When calculated for the study population as a whole the Ederer II method gives a biased estimate of internally age-standardized net survival unless there is no variation in expected or relative survival between different ages [14, 19], a situation almost certainly not true. Hakulinen et al. argued that unless there was substantial variation in relative survival by age the bias would be small, but a theoretical bias still exists [19].

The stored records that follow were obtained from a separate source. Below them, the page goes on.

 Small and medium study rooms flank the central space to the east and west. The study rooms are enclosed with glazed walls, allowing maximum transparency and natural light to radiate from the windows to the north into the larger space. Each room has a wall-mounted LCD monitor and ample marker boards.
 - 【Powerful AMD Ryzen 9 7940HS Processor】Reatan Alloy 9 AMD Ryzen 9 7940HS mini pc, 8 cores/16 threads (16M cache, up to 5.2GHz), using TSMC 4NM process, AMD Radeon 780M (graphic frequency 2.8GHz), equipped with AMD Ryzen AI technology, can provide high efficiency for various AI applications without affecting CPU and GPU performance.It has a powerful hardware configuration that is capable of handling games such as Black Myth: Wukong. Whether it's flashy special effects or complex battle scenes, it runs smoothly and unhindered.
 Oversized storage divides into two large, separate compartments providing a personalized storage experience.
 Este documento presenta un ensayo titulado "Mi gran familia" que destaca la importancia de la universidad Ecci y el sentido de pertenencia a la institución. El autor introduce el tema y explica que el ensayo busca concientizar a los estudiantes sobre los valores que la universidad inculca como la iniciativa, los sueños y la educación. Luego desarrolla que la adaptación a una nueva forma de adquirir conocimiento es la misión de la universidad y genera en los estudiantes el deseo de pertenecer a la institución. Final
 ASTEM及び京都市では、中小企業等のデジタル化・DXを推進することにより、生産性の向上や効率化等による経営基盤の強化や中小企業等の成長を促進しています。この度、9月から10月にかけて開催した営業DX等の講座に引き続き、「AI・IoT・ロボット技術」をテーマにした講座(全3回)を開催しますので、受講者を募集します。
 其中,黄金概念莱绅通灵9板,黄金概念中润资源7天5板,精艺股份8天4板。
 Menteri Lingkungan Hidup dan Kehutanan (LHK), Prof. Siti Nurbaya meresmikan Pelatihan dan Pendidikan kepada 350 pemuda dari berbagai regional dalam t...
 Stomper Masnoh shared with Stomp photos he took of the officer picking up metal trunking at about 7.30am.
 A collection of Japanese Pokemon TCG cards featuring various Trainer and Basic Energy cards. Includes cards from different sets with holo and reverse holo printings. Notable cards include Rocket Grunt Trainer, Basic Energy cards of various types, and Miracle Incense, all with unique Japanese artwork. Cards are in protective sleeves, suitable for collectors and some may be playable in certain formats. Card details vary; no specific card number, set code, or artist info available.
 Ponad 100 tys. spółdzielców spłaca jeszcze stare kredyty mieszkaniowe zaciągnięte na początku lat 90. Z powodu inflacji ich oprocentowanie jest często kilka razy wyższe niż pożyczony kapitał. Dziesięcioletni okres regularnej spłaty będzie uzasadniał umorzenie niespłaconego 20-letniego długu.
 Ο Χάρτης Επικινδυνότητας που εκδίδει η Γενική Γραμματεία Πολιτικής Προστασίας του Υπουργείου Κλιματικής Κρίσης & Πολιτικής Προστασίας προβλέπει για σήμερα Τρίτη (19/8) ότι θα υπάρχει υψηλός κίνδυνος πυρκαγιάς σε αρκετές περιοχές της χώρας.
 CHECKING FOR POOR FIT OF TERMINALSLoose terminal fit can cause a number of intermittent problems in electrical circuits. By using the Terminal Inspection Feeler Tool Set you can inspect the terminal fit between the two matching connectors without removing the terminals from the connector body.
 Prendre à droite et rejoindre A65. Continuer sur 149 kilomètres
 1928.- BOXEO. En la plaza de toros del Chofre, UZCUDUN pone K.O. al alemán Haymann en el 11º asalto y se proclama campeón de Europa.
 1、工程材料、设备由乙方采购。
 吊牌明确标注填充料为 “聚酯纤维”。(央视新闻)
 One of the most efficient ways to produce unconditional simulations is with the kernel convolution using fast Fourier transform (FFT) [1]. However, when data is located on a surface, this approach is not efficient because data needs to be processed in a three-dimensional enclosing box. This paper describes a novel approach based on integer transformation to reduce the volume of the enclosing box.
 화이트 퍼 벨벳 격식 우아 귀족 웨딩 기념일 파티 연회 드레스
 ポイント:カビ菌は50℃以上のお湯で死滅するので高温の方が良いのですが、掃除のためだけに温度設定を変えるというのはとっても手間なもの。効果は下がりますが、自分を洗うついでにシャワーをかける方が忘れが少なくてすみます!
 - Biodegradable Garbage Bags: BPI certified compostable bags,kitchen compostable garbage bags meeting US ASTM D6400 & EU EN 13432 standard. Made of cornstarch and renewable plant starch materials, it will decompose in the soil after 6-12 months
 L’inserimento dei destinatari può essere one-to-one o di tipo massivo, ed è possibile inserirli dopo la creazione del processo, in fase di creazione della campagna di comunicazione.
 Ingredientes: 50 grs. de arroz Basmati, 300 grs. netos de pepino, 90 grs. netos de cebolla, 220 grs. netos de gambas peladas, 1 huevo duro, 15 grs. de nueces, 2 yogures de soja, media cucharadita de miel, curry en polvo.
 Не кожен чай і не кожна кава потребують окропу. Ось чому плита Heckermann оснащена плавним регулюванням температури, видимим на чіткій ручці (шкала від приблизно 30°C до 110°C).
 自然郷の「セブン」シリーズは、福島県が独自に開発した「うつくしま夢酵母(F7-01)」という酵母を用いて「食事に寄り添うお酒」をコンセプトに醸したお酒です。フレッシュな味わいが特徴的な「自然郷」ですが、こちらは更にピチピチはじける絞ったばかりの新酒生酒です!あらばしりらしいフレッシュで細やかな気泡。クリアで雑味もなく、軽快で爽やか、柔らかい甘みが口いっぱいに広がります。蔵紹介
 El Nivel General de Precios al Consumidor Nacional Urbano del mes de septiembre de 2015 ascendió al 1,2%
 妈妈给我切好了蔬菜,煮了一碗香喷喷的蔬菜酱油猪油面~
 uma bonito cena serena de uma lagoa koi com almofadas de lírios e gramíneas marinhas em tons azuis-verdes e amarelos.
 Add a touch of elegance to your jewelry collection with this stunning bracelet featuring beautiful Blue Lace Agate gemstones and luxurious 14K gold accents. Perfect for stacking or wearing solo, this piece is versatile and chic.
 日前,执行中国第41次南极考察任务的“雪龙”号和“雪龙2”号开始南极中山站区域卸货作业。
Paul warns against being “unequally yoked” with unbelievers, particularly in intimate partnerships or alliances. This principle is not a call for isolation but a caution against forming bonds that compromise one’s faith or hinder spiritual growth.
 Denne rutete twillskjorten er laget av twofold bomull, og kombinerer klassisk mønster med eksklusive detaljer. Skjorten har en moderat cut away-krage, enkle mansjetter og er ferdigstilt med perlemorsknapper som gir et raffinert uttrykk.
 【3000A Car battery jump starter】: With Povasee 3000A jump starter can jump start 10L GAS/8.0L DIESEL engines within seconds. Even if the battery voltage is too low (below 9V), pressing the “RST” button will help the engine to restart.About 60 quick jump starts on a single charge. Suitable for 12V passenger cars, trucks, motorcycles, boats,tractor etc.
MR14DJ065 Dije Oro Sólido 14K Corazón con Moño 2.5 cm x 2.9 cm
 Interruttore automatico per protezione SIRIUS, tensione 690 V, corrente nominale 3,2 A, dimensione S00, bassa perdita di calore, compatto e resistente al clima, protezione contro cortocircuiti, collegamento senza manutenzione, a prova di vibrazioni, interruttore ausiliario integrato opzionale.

When comparing populations, external age standardization is used with relative survival calculated separately in each age group. Any bias due to variation in relative and expected survival will be reduced. Within each age group the Ederer II method will give an unbiased estimate of the age-specific net survival if there is no variation in relative survival within each age group. This assumption is almost certainly not true, but since narrow age groups are being used the variation will be much reduced compared to the all age estimate. The important question is whether this assumption matters, as empirical observation has shown that the Ederer II method gives a more precise estimate than the Pohar Perme method for long-term estimates [20, 21].

The Pohar Perme method

The Pohar Perme method was developed to give an unbiased estimate of internally age-standardized net survival [14]. The method estimates the internally age-standardized relative survival, i.e. that defined in Eq. (2). It can be interpreted as internally age standardized net survival under assumptions (i) and (ii). The method gives greater weight to individuals with a higher risk of other cause mortality. For example, consider two individuals aged 60 and 80 at diagnosis. If both are still alive 10 years after diagnosis, the 80 year old receives more weight because similar individuals are more likely to have died of other causes. We use an adaption of the method for when survival time is recorded in monthly intervals [21]. The weight for subject i in interval j is the inverse of the expected survival, \(S_{\textit {ij}}^{*}\), so \(w_{\textit {ij}}^{PP} = 1/{S_{\textit {ij}}^{*}}\). The excess mortality rate in the j t h interval is,
$$\lambda_{j}^{PP} = \frac{\sum_{i}{w_{ij}^{PP} d_{ij}} - \sum_{i}{w_{ij}^{PP} d_{ij}^{*}}}{\sum_{i}{w_{ij}^{PP} y_{ij}}}. $$
This is converted to the survival scale in the same way as for Ederer II,
$$\Lambda_{j}^{PP} = \sum_{j} k_{j} \lambda_{j}^{PP} \ \ \ R_{j}^{PP} = \exp\left(-\Lambda_{j}^{PP}\right). $$
For comparisons between population groups external age-standardization is required, so the Pohar-Perme estimate is calculated separately in each age group and a weighted average estimated using Eq. (4).

Brenner method

It is not possible to calculate traditionally age-standardized relative survival unless all age-specific estimates can be calculated, a problem more likely in the oldest age group. The Brenner alternative method calculates an ‘all age’ Ederer II estimate, with each subject up- or down-weighted so the age distribution reflects the reference population [22]. The weights, \({w_{i}^{B}}\) are the same as those used in Eq. (3).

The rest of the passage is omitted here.